The steps in this section assume that:
- You have one or more files each of which contains comma-separated data that should be parsed into one or more IDOL documents.
- The data is not necessarily in IDOL document format (there might not be a reference or content field).
To ingest data in CSV format
-
Add a GetFileSystem processor to your data flow to retrieve the CSV file(s).
- Configure the location of your CSV files by setting the property "Directory Paths". If the folder contains other files, you could also set "File name pattern" to
*.csv
. - If you are running a NiFi cluster, set the dynamic property
adv:FlowFileEmbedFiles
to TRUE. For more information about this property, see Advanced Connector Properties.
- Configure the location of your CSV files by setting the property "Directory Paths". If the folder contains other files, you could also set "File name pattern" to
- Add a ConvertCSVToDocuments processor to the data flow.
- Connect the "success" relationship of the GetFileSystem processor to the ConvertCSVToDocuments processor.
-
Configure the ConvertCSVToDocuments processor.
-
Right-click the processor and click Configure.
The Configure Processor dialog box opens.
- Click the Properties tab.
-
Set the following properties:
Use CSV Header Row If the first line in the CSV file contains a list of field names, set this to TRUE. If the first line in the CSV file is the first line of data, set this to FALSE. CSV Field Names To override the list of field names in the CSV file, or if the CSV file does not contain any field names, enter a comma-separated list of field names to use. Reference Field The name of the field (in the CSV file header row or CSV Field Names property) to use as the document reference. If there isn't a suitable field, you can set this property to an empty string and set Base Reference instead.
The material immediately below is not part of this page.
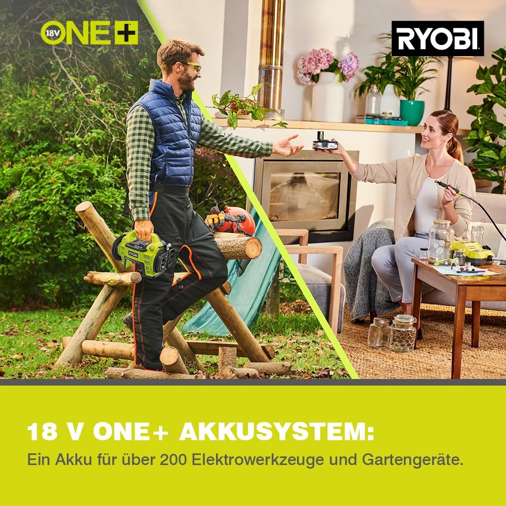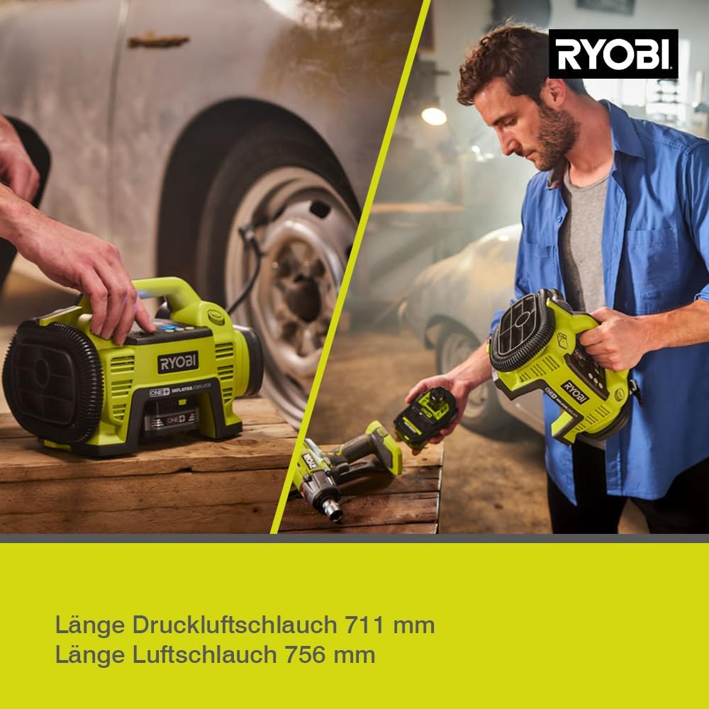 مولتی کمپرسور شارژی RYOBI 18 V ONE+ R18I-1C20GZL (حداکثر فشار 10.3 بار، فشار باد فشار بالا 2:1 برای لاستیک ها و حجم بالا برای اجسام بادی از جمله باتری 2.0 Ah و شارژر)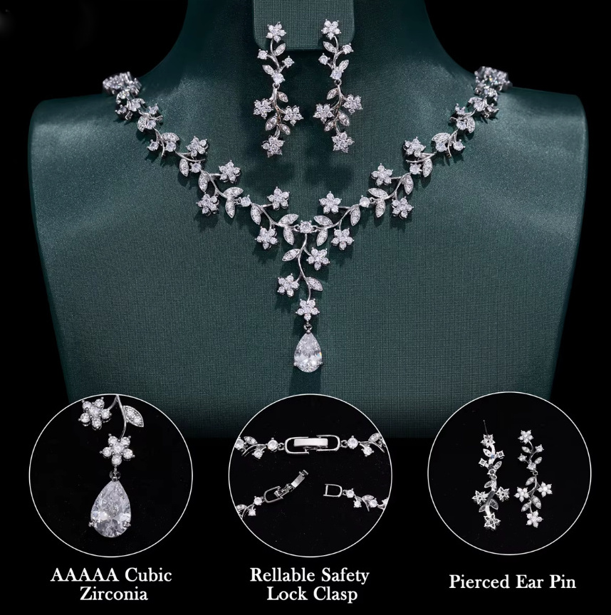 Flower Bridal Jewelry Set Flavia Silver Necklace with Earrings

Content Field The name of the field (in the CSV file header row or CSV Field Names property) to use as the document content. If you don't want to populate the document content, set this property to an empty string. Base Reference If the CSV file doesn't contain a suitable reference field, you can specify a base reference. The documents extracted from the CSV file will be given references in form BaseReference:N
whereN
is the line number in the source CSV file. - Click APPLY.
-
-
Connect the "extracted" relationship of the ConvertCSVToDocuments processor to your ingestion pipeline.
TIP: After they are processed, the original FlowFiles that were routed to the ConvertCSVToDocuments processor are routed to the "success" relationship.
To avoid indexing documents representing the original CSV files, you could auto-terminate this relationship. However, if you are using a document registry service to ensure that documents are indexed in the correct sequence, route the "success" relationship to an UnregisterDocument processor. For more information about the document registry service, see Index Documents in the Correct Sequence.
-
Start the GetFileSystem and ConvertCSVToDocuments processors.